**Exercise prompt**:
What is wanted is every line below from the one with "- Admin users" up to and including the one with "El 18 de marzo", retyped exactly, pictures excluded, nothing else.

**Input records**:
****************************************
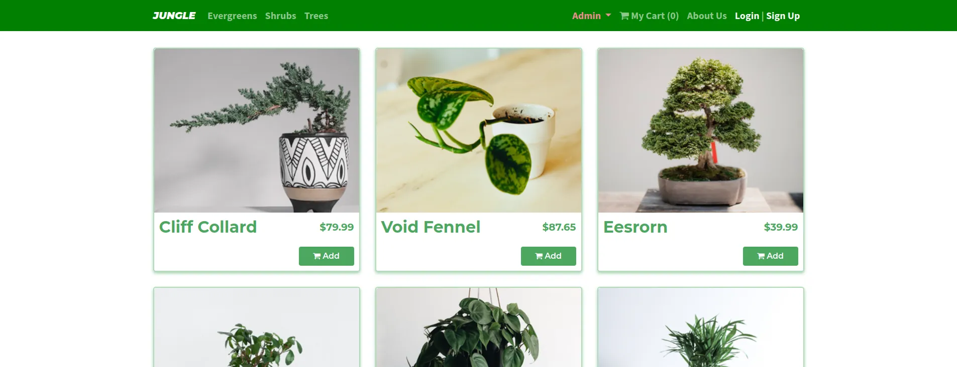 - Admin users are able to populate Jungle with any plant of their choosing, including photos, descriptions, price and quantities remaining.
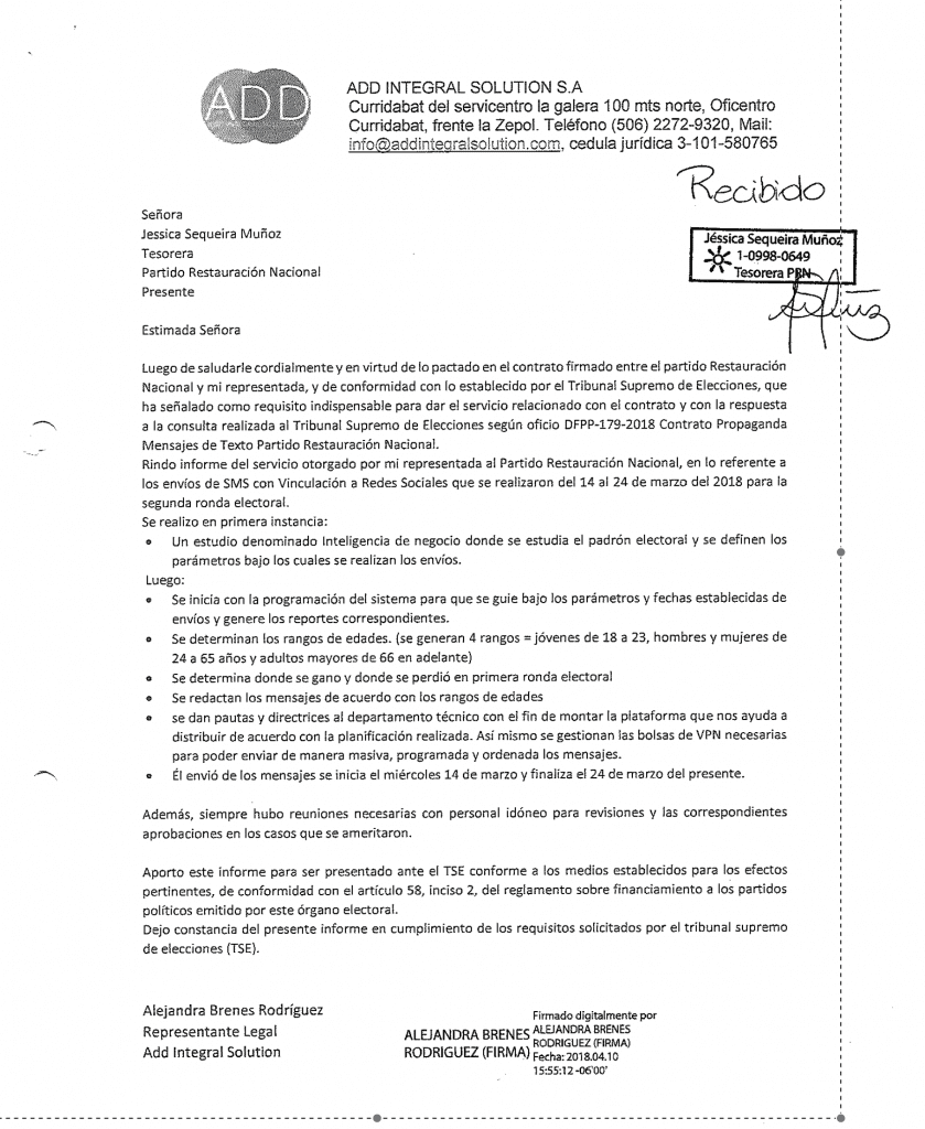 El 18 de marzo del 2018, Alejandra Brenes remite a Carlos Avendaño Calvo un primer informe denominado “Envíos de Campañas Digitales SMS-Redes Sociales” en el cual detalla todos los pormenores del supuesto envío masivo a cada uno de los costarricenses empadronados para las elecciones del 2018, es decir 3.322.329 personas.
****************************************
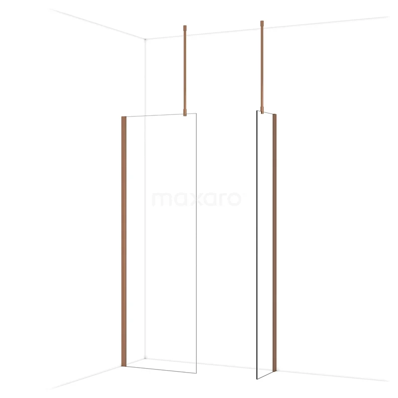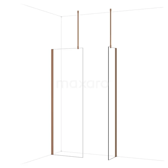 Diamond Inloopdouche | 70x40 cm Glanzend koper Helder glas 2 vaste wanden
****************************************
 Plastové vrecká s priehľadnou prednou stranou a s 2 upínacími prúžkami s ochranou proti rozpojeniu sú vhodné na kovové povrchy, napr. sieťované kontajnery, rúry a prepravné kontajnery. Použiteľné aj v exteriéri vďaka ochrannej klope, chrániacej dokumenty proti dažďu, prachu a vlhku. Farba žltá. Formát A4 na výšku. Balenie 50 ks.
****************************************
**Exercise result**:
 - Admin users are able to populate Jungle with any plant of their choosing, including photos, descriptions, price and quantities remaining.
 El 18 de marzo del 2018, Alejandra Brenes remite a Carlos Avendaño Calvo un primer informe denominado “Envíos de Campañas Digitales SMS-Redes Sociales” en el cual detalla todos los pormenores del supuesto envío masivo a cada uno de los costarricenses empadronados para las elecciones del 2018, es decir 3.322.329 personas.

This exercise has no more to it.